Оболочка нашего Корабля надежно защищает «пойманную» пустоту от всех видов взаимодействий, включая электромагнитное поле рабочих систем Корабля, и даже гравитацию, ибо в момент «нуль», то есть в момент «схлопывания», срабатывает математический реактор, и для объема, оказавшегося в пределах оболочки, тензор кривизны пространства обращается в «нуль», элиминируя «жгут-структуру». В тот же самый момент начинает функционировать «васкоп», долженствующий за минуту эксперимента сделать около миллиона мгновенных «снимков» вакуума, энергетическая расшифровка которых последует на Земле. Такова схема эксперимента. Добавлю: запроектированная схема, ибо на деле после «схлопывания» рассудки наши помутились, «васкоп» же и «глазом не моргнул».

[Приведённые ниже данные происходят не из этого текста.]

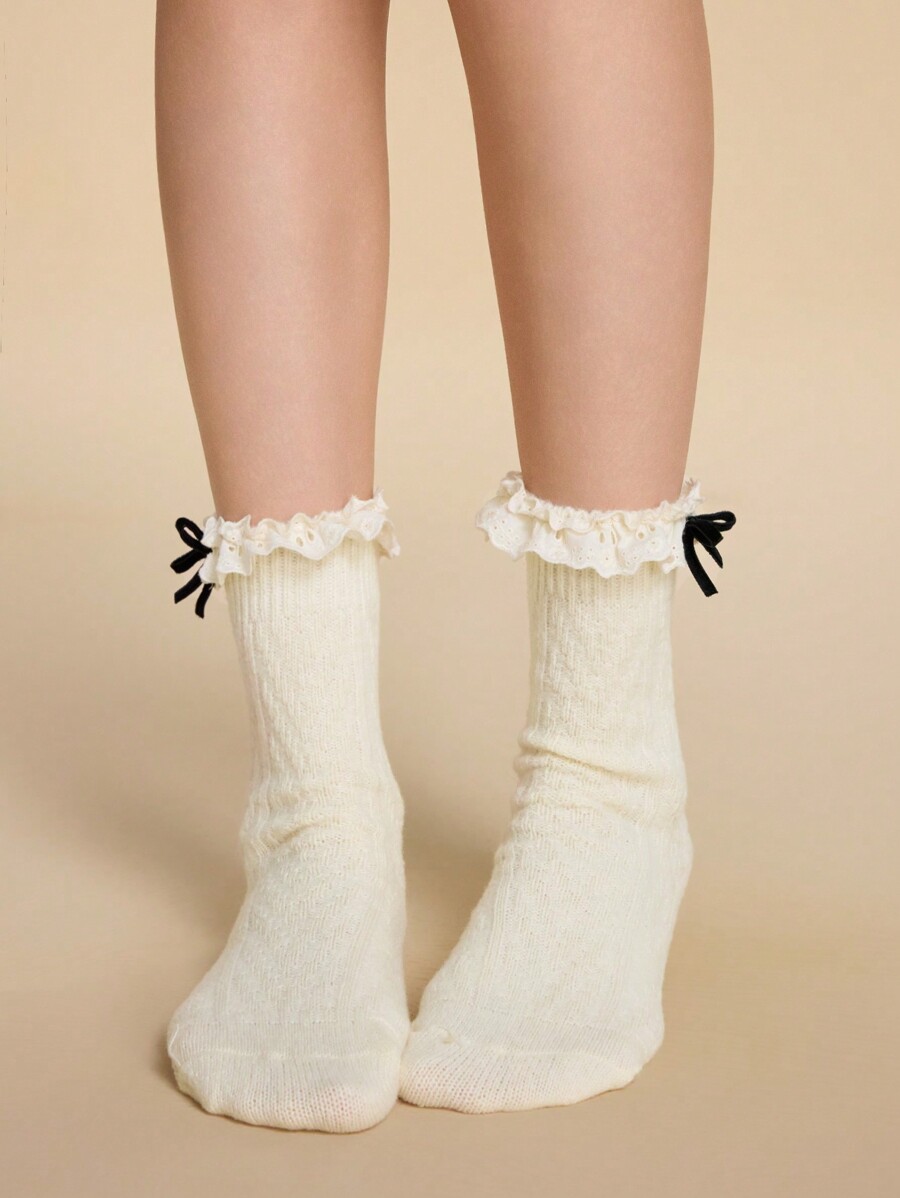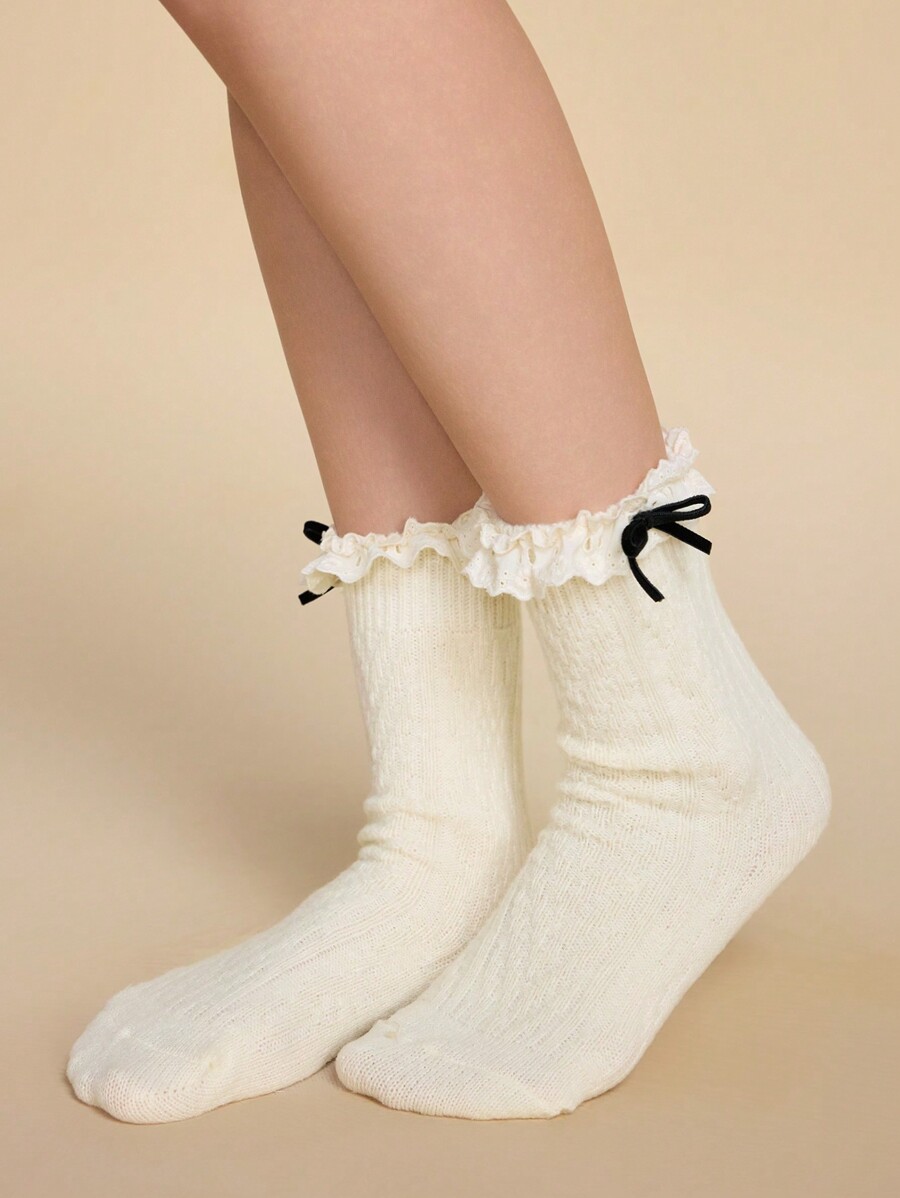 Kawaii 1 Pair Women's Vanilla Girl Embroidered Lace Bow Thickened Knitted Mid-Calf Socks, All Season

События развертывались так. Я выстрелил Корабль а расчетную точку и переключил энергию на малый реактор. Мы начали медленно продвигаться в пространстве. Погрешность оказалась ничтожной, поэтому после непродолжительного рыскания Корабль вошел наконец-то в желаемый район. Все наше внимание переключилось на «пустомер»-индикатор содержания вещества в вакууме, или «пустомелю», как мы его окрестили.
«Большеразмерный уровень — пусто», начал издалека наш «пустомеля», и тут же хронометр принялся за отсчет времени. «Космическая пыль — пусто». Мы перемигнулись друг с другом: лоцирование не подвело. «Межзвездный газ — пусто». Вот оно, мгновение! На атомном уровне — как помелом, следовательно… «Общая оценка — пусто». «Чистый вакуум», — все тем же скучным голосом объявил «пустомеля».
Последнее, что я помню из реальности ДО, легкий толчок: «ловушка» захлопнулась.
Немедленное ощущение: лечу куда-то во мраке. Затем подо мной объявилась матушка-Земля. Вокруг раскинулся божественный воздушный простор, над головой — пара-другая легких облачков и небывалой голубизны солнечное небо.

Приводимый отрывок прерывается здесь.